If you think there’s a lot of tattooing on television these days, you might find it interesting to know that one of the first times the American public got to get a glimpse of tattooing on tv was back on the Steve Allen Show in the mid-1950s.
Before he became the first host of the late-night talk show "The Tonight Show," Allen had his own variety show, one of the first of its kind. It was the competition for the Ed Sullivan Show. Many comedians got their first appearance on the show, musician Frank Zappa famously played a duet with Allen by making noises with bicycles, and because he wanted to be able say he was tattooed, Steve Allen featured that too.
The tattoo artist who appeared on the show and tattooed Allen live on the air was Lee Roy Minugh, who ran a shop on The Pike in Long Beach, CA. Minugh had learned how to tattoo working in a circus and was one of the first in a long line of tattoo shops when he opened his establishment in the 1930s. The Pike has famously been a home to tattoo parlors ever since, most-notably influencing a young Don Ed Hardy, now himself one of the most influential tattoo artists in the world.
Allen's tattooed turned out to be just four small dots, just so that he could honestly say to people that he had been tattooed. At the time, tattooing was extremely marginal, with the main consumers being criminals, sailors and circus performers. For a celebrity to get a tattoo was almost unthinkable. (It was pretty much the reverse of what seems to be happening just fifty years later.)
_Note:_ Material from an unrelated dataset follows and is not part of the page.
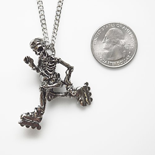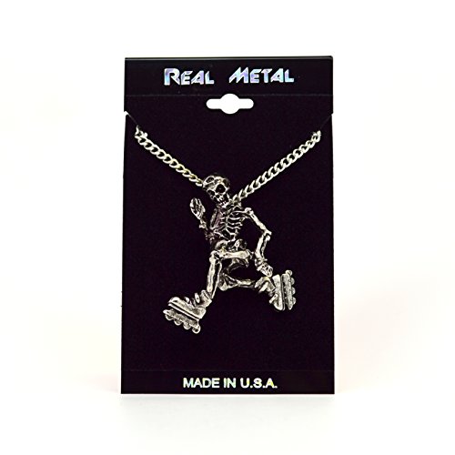 -. Binding : Jewelry -. Brand : Real Metal -. Department : womens -. EAN : 0803853004962 -. Feature : Cast in high grade pewter with an anti-tarnish finish / Silver antique finish / Pendant size is 1 3/4 inches long x 1 1/2 inches wide on 20 inch neck chain / Hand crafted and MADE IN USA -. Label : Real Metal Jewelry JPI Inc. -. Manufacturer : Real Metal Jewelry JPI Inc. -. Model : NK-155 -. MPN : NK-155 -. PartNumber : NK-155 -. ProductGroup : Jewelry -. ProductTypeName : FASHIONNECKLACEBRACELETANKLET -. Publisher : Real Metal Jewelry JPI Inc. -. Studio : Real Metal Jewelry JPI Inc. -. Title : Gothic Skeleton Cruising on Roller Blades Silver Finish Pendant Necklace -. UPC : 803853004962

In addition to tattooing Steve Allen, Lee Roy Minugh also displayed some of his own tattoos on the show. Decorum of the time was such that he appeared wearing a suit and tie, and then took off his jacket and shirt to display the artwork on his upper body. At the time, this surely shocked and amazed the viewing audience. However, the publicity that it brought Minugh and his business were high-appreciated by the tattooist.